*** INPUT MATERIAL Section Begins ***
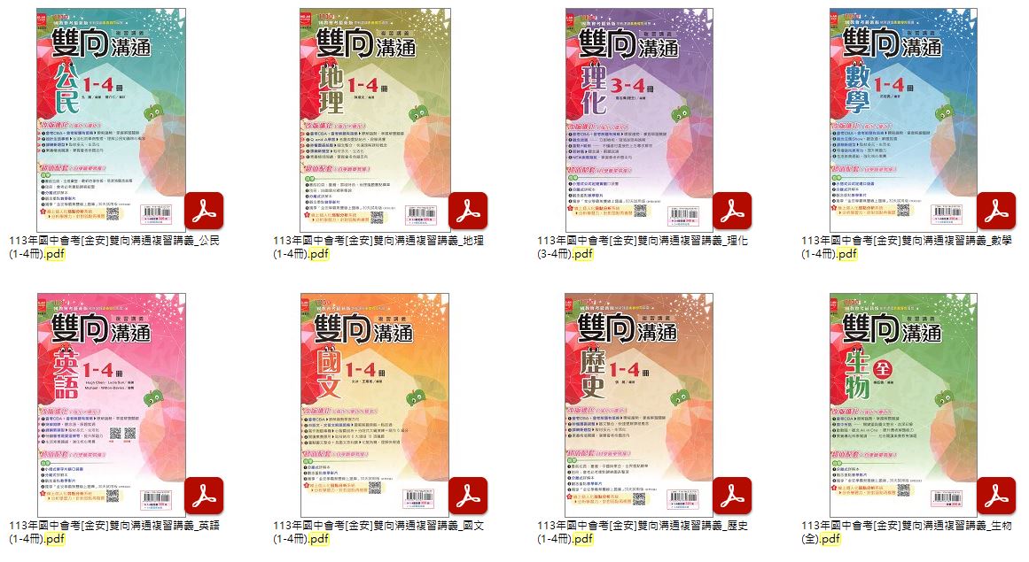 113年國中會考[金安]735總複習(英語、數學、理化) + 新思維複習講義 + 雙向溝通複習講義 + 國文主題讚 講義光碟
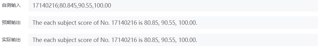 最后就是要注意输出样例中的一些空格,例如,【score of No. 17140216】标红的地方就是有一个个空格。
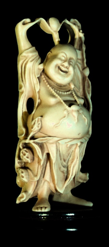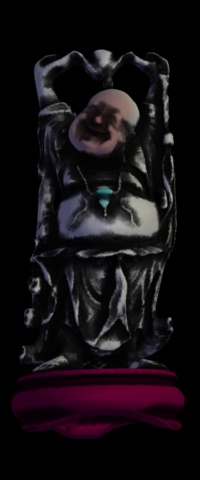 Figure 1 shows a photograph of the Stanford Happy Buddha statue illuminated with spotlights from the front and side. Figure 2 shows a photograph of the effect of projecting computer renderings onto the statue from the same directions. These renderings, made from a 3D model of the statue, consist primarily of an accessibility shading of the model geometry. They are similar to renderings made for the 3D fax project.
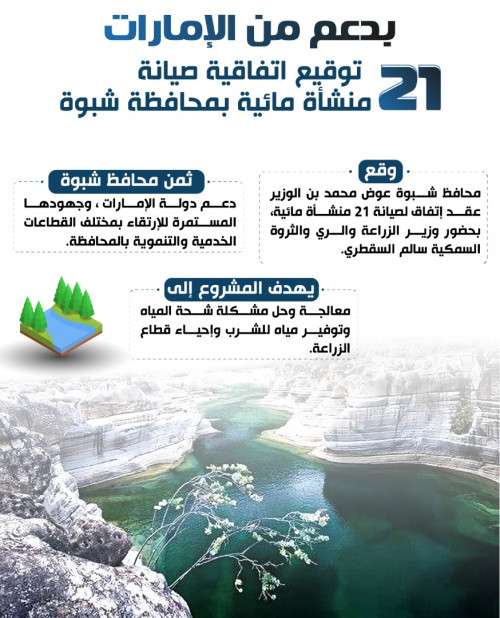ومن جانبه أشاد محافظ شبوة الشيخ عوض ابن الوزير العولقي، عقب توقيعه عقد إتفاق صيانة 21 منشأة مائية بالدعم الإماراتي مشيرا إلى أن المحافظة تحتاج لتنفيذ مثل هذه المشاريع الإستراتيجية التي تلبي إحتياجات المواطنين.
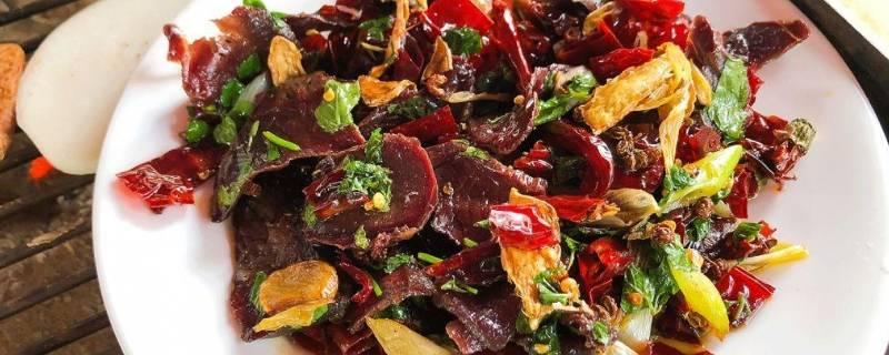 2、牛干巴切薄片,其它配菜备好。
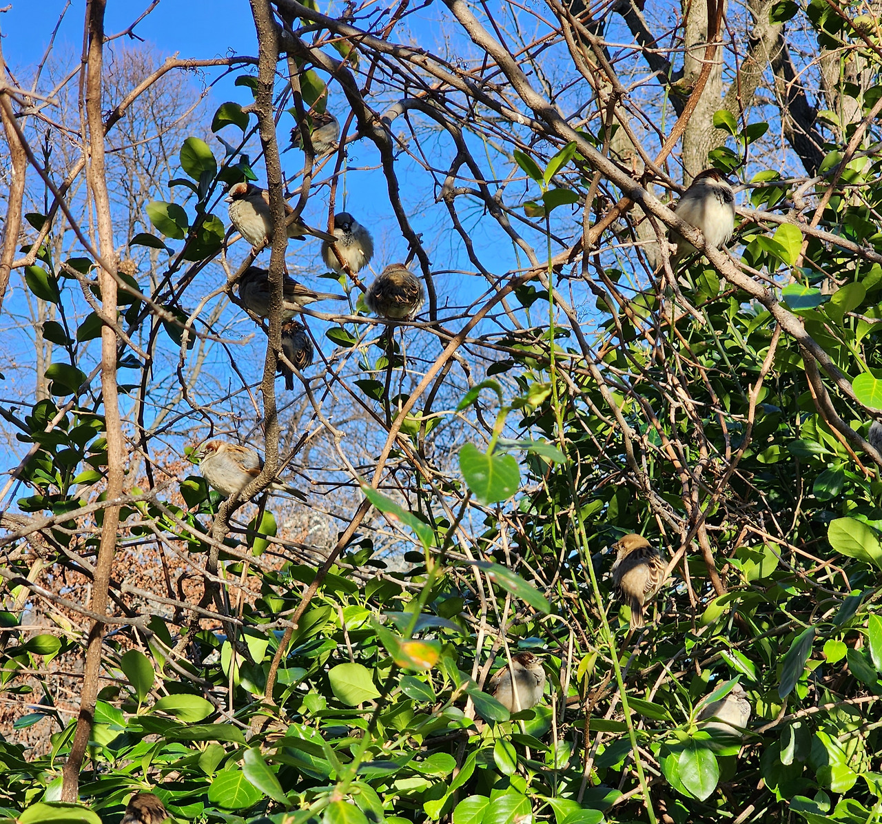 어디선가 부산한 새소리가 들렸다. 한 나무에 참새처럼 생긴 새가 20여 마리 앉아 있었다. 유독 그 나무에만 새가 많은 게 신기했다. 평소 보기 힘든 광경이어서 동영상을 찍었다. 새소리가 청아했다.
*** INPUT MATERIAL Section Ends ***
* _WORK ITEM_
The required result is the entries above, printed exactly from the first line through the line with "最后就是要注意输出样例中的一些空格,例如,【score of No.", pictures excluded.

* _WRITTEN ANSWER_
 113年國中會考[金安]735總複習(英語、數學、理化) + 新思維複習講義 + 雙向溝通複習講義 + 國文主題讚 講義光碟
 最后就是要注意输出样例中的一些空格,例如,【score of No. 17140216】标红的地方就是有一个个空格。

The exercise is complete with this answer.